How to successfuly complete an engineering project
Based on one of our consultant’s experiences, it is important to have the following to achieve a successful engineering project:
- A clearly defined scope
- Representable acceptance tests
- And finally the handover from the engineering department to the customer, usually a production department
Context of the project
Our consultant’s project started during the commissioning and handover phase of a Filling Line using pilot equipment for one of our clients in the pharmaceutical industry.
Unfortunately, he did not consider this project as a successful engineering project because:
- they were over budget
- and the handover was overdue.
Furthermore, they were unable to reach the production targets the line was designed for, but this can eventually be fixed with optimization projects. As he learned more about the preceding phases of the project he began to understand why and how things went wrong. In the following paragraphs he will give his opinion on the problems that occurred and suggest a solution to operate a successful engineering project.
The suggested solutions for a succesful engineering project
Use novel technology
Starting out, they deliberately decided to use novel technology. Using new technology is risky because there is no guarantee that the technology is commercially viable. On the other hand, it can be a risk worth taking if the technology has more potential than the current market technology, which is true in this case. The company could afford to take this risk, because the rest of the company is more than profitable enough to compensate for this risk.

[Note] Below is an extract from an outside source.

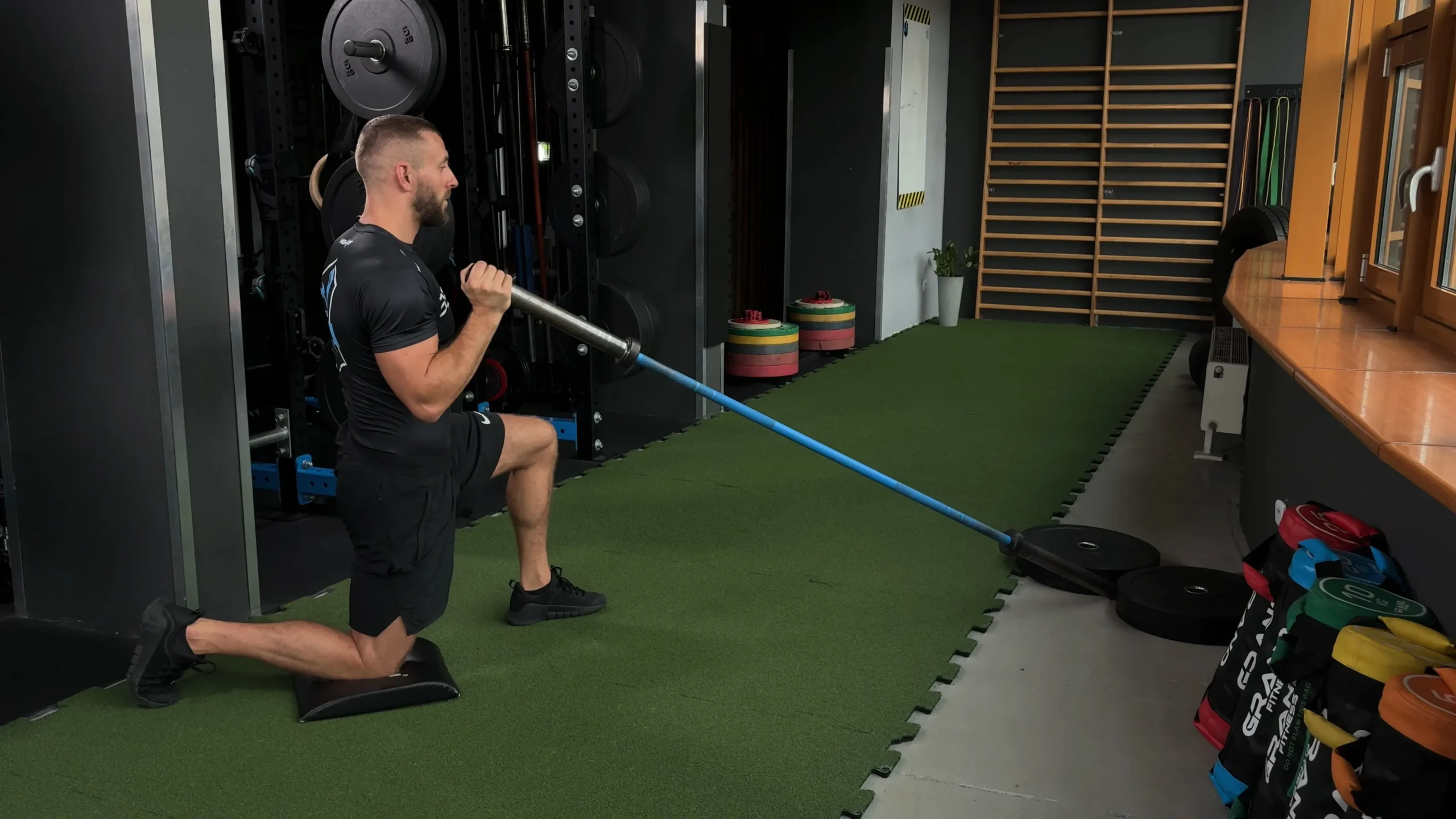 Wyciskanie półsztangi jednorącz w klęku jednonóż

The project was initiated as a joint venture and will result in a non-profit production line. Because of the joint venture, the project is much more difficult to abandon when things go wrong due to added contractual agreements of the partnership. Also, when there are setbacks and you have limited resources to invest, it does not make sense to invest in a non-profit as opposed to high(er) ROI projects.

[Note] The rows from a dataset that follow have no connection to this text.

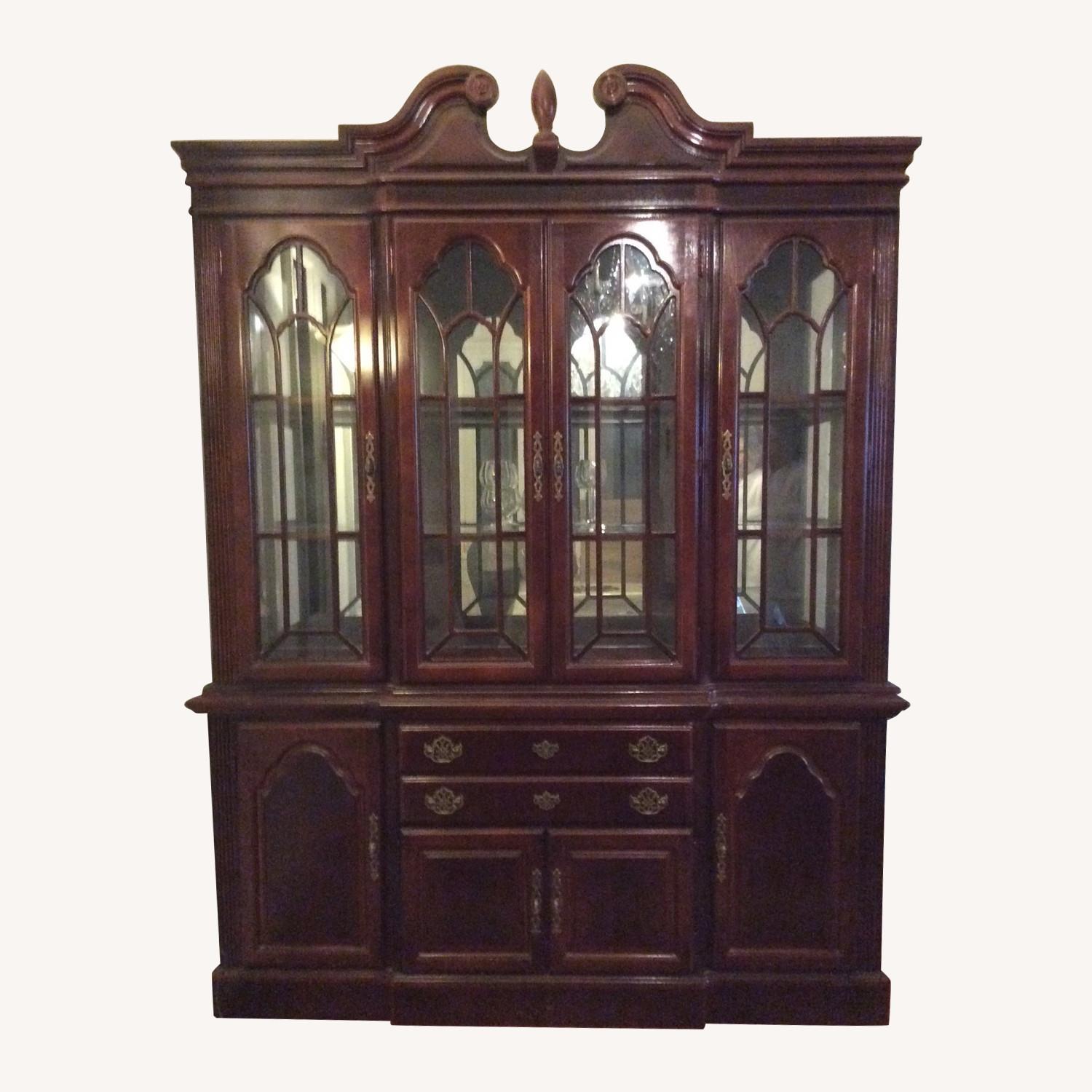 Seller's Notes:The cabinet is in excellent condition. Has some scratches in the upper right (SEE PIC). No missing hardware. Shelves are wood and glass. Mirror is on back. The cabinet is two separate pieces (not attached).
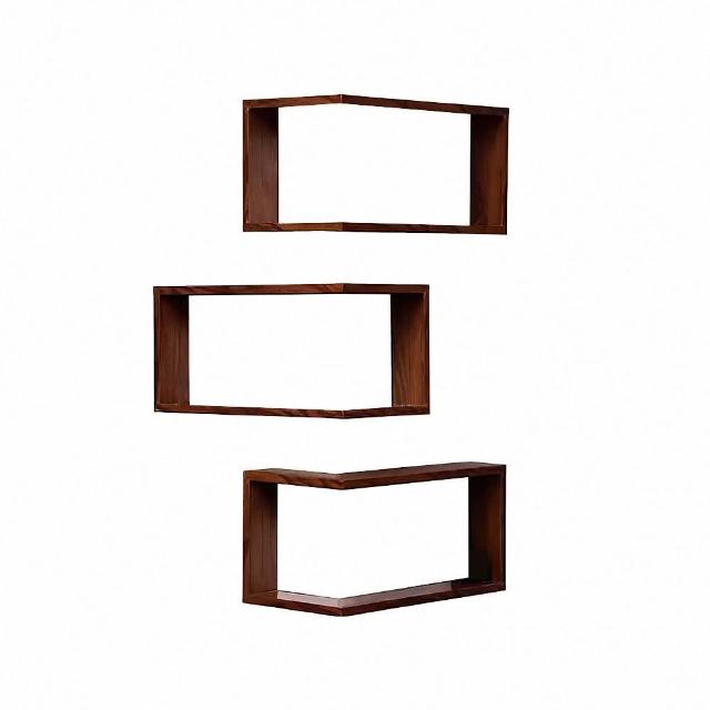 上手家居實木轉角置物架-3件組(牆角置物架/置物架/牆壁置物架/壁掛置物架/公仔櫃)
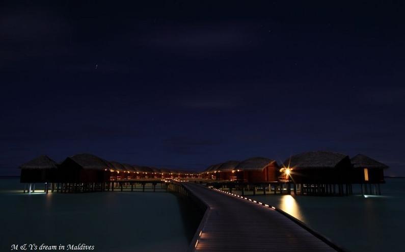 水屋的栈桥,右边一排单号的房是日出房,左边双号的是日落房
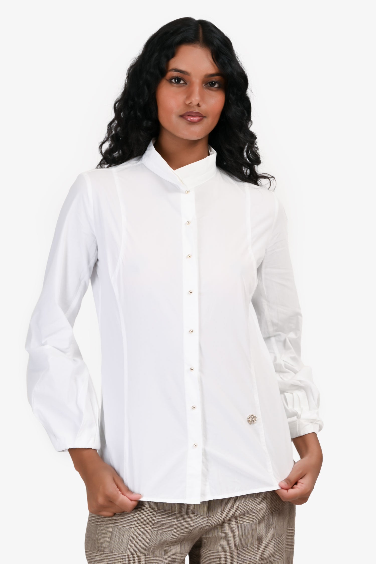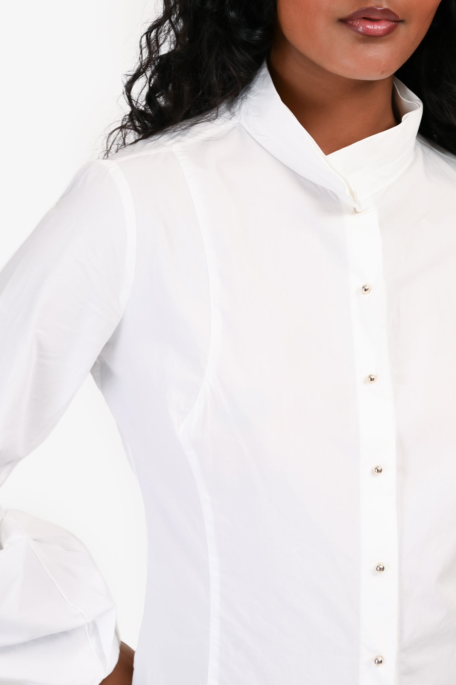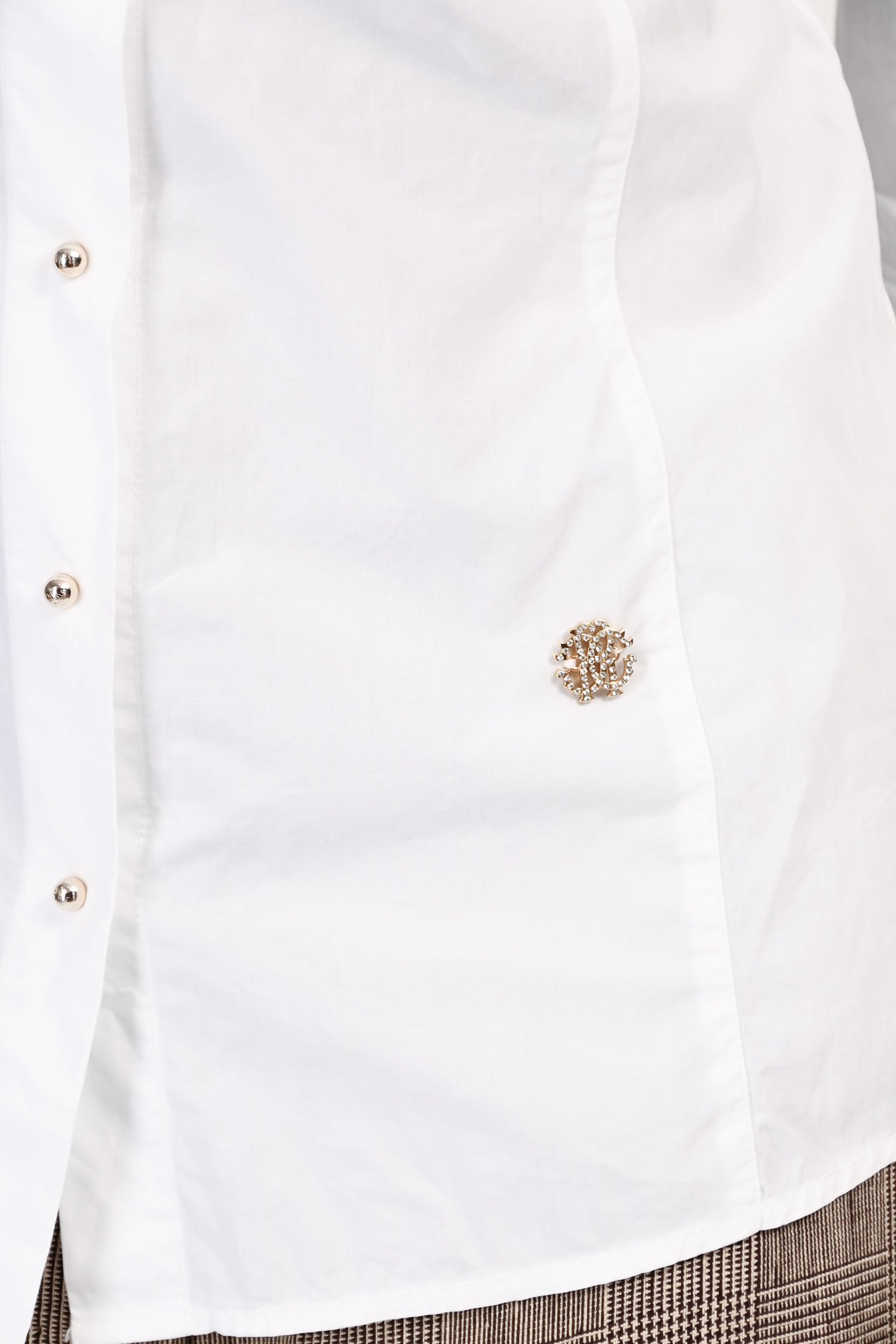 Refresh availabilityRoberto Cavali White Cotton Gold-Tone Button Down Shirt. Pointed collar. Long sleeves. Front gold-tone button closure. Tonal stitching.

Factory acceptance test (FAT)
They were unable to have a factory acceptance test (FAT) with conditions comparable to their production environment and therefore should have been cautious. During a FAT you visit the manufacturer, at their factory, and test the equipment they made according to your specifications. A FAT is an important milestone in a project because afterwards you decide if you are content with the equipment and move it to your site, or if you are not satisfied, then, the manufacturer needs to make adjustments.
Afterwards another FAT has to take place until the equipment complies with the required specifications. Another concern with using novel technologies is that there are few manufacturers able to produce what you need and that these manufacturers typically only specialize in related equipment.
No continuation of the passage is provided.